**Provided data:**
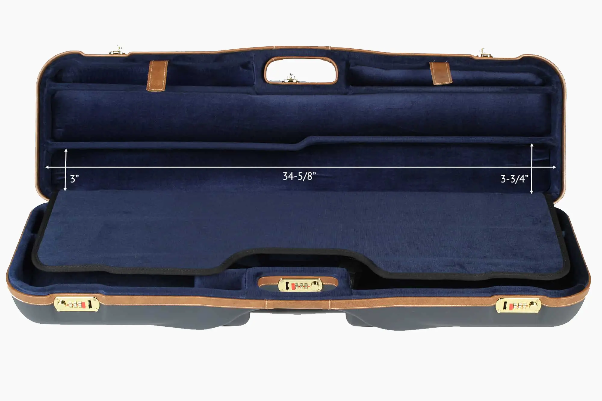 The 1646LX-2F+1C/4766 is designed to hold two Over/Under or Side-by-Side shotguns and three barrels. The base contains compartments for two barrels and receivers; the top includes a divider for one more barrel and gear. Built with deluxe leather trim and TSA-approved locks.- Fits: 2 guns + 3 barrels up to 34-5/8″
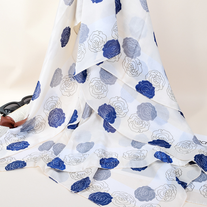 로즈 스카프 여성용 여름 긴 다양한 숄 거즈 실크 같은 이중 사용 스카프 비치 타올스토어 가기
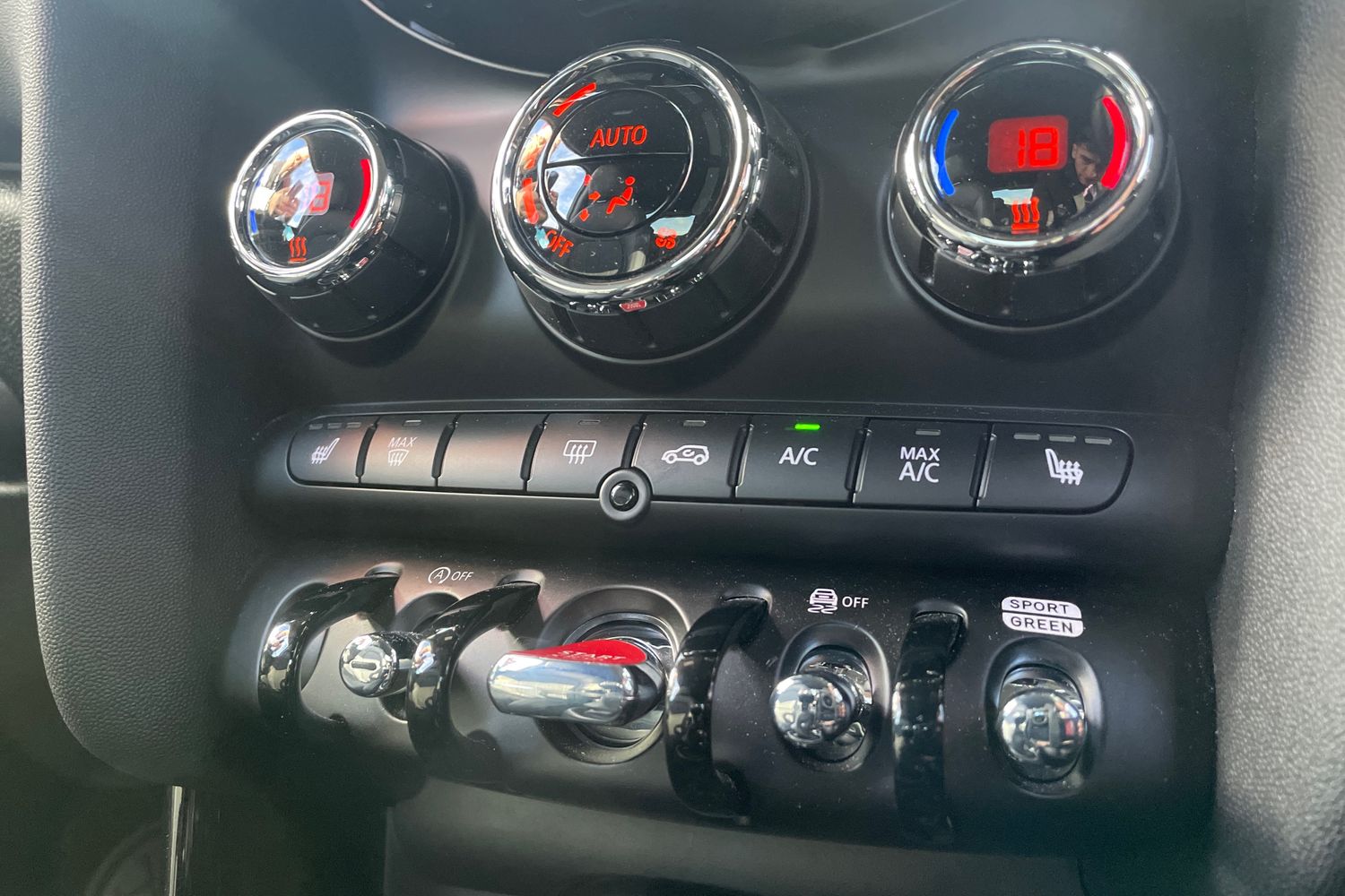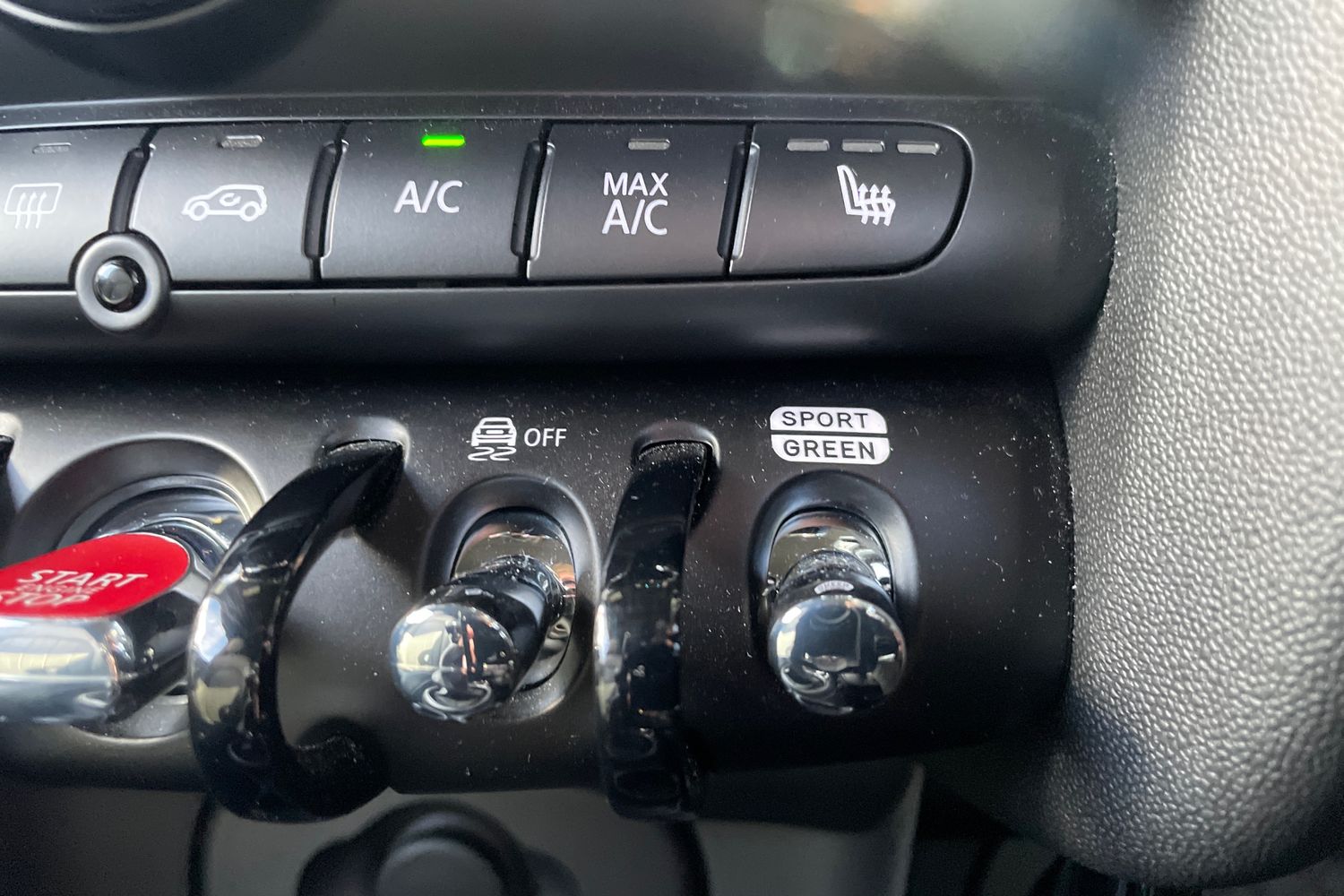 "MINI Driving Modes - centre toggle switch to control driving setting (sport, mid and green)",

**Task prompt:** Your answer must be an exact copy of the lines above, from the line that contains "로즈 스카프 여성용 여름" through the final line, with no pictures in it.

**Answer section:**
 로즈 스카프 여성용 여름 긴 다양한 숄 거즈 실크 같은 이중 사용 스카프 비치 타올스토어 가기
 "MINI Driving Modes - centre toggle switch to control driving setting (sport, mid and green)",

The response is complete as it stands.